*Action item*
Give back the exact lines of the material below from the one containing "Den ursprungliga abstrakta" through the one containing "第五张:刚买的车,还没开多远就撞上了路边的护栏......那就拍个照纪念一下吧!", and no pictures.

*Given entries*

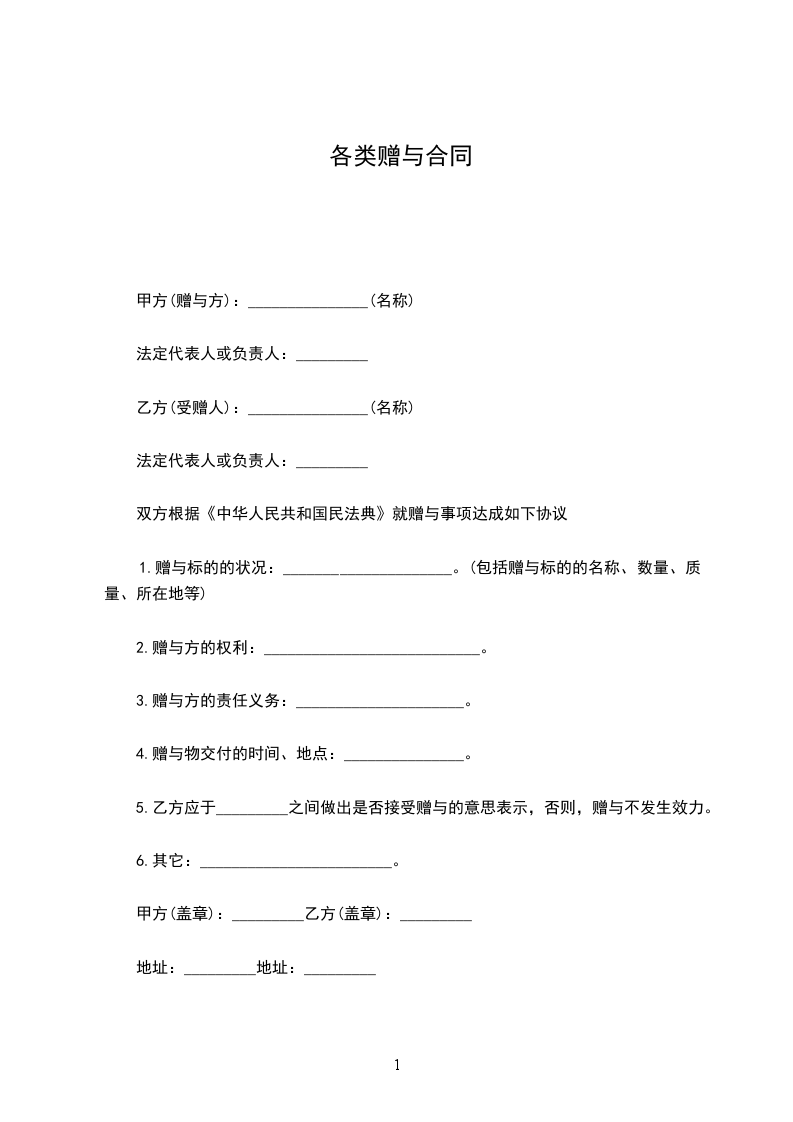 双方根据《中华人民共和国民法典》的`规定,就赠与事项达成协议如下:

...

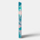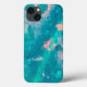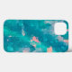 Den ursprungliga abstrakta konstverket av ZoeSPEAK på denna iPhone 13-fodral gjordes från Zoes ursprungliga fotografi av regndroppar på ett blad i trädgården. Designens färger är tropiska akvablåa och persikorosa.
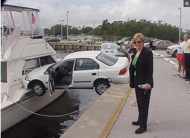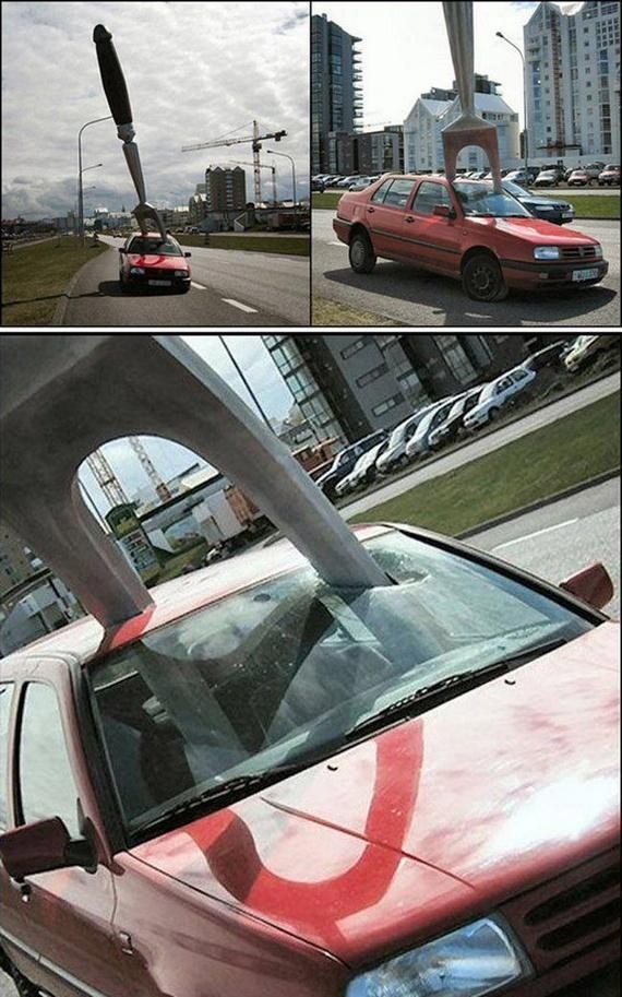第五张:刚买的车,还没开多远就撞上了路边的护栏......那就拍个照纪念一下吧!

*Reply*
 Den ursprungliga abstrakta konstverket av ZoeSPEAK på denna iPhone 13-fodral gjordes från Zoes ursprungliga fotografi av regndroppar på ett blad i trädgården. Designens färger är tropiska akvablåa och persikorosa.
第五张:刚买的车,还没开多远就撞上了路边的护栏......那就拍个照纪念一下吧!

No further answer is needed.